_Action item_
Please quote exactly the lines below from the line containing "نمودار ۲: میانگین" to the line containing "هیچ یک از مجلات", both lines included, and nothing else.

_Provided data_
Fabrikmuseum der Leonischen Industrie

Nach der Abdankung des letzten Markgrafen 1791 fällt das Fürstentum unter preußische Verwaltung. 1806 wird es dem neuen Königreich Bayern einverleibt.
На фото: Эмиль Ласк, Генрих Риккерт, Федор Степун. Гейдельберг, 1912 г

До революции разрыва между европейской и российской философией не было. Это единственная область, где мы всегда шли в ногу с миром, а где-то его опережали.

--

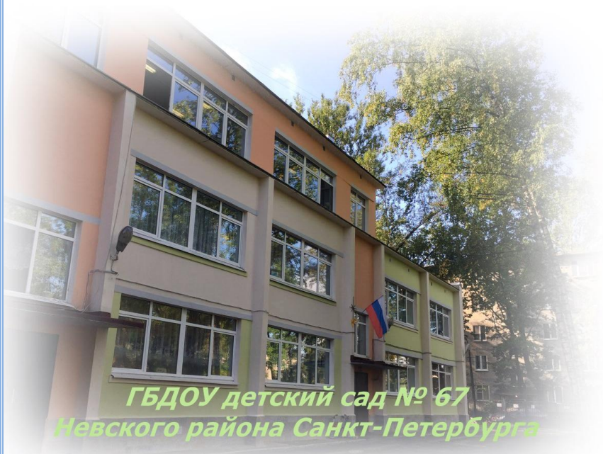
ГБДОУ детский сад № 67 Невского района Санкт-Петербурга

* * *

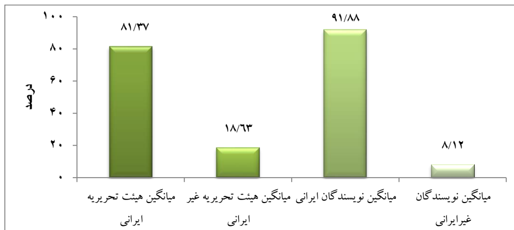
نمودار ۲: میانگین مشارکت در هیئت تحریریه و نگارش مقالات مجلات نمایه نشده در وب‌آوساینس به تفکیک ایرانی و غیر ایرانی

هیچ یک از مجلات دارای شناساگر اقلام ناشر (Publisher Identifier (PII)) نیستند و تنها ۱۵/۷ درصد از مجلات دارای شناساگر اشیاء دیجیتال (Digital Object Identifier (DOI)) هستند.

_Result below_
نمودار ۲: میانگین مشارکت در هیئت تحریریه و نگارش مقالات مجلات نمایه نشده در وب‌آوساینس به تفکیک ایرانی و غیر ایرانی

هیچ یک از مجلات دارای شناساگر اقلام ناشر (Publisher Identifier (PII)) نیستند و تنها ۱۵/۷ درصد از مجلات دارای شناساگر اشیاء دیجیتال (Digital Object Identifier (DOI)) هستند.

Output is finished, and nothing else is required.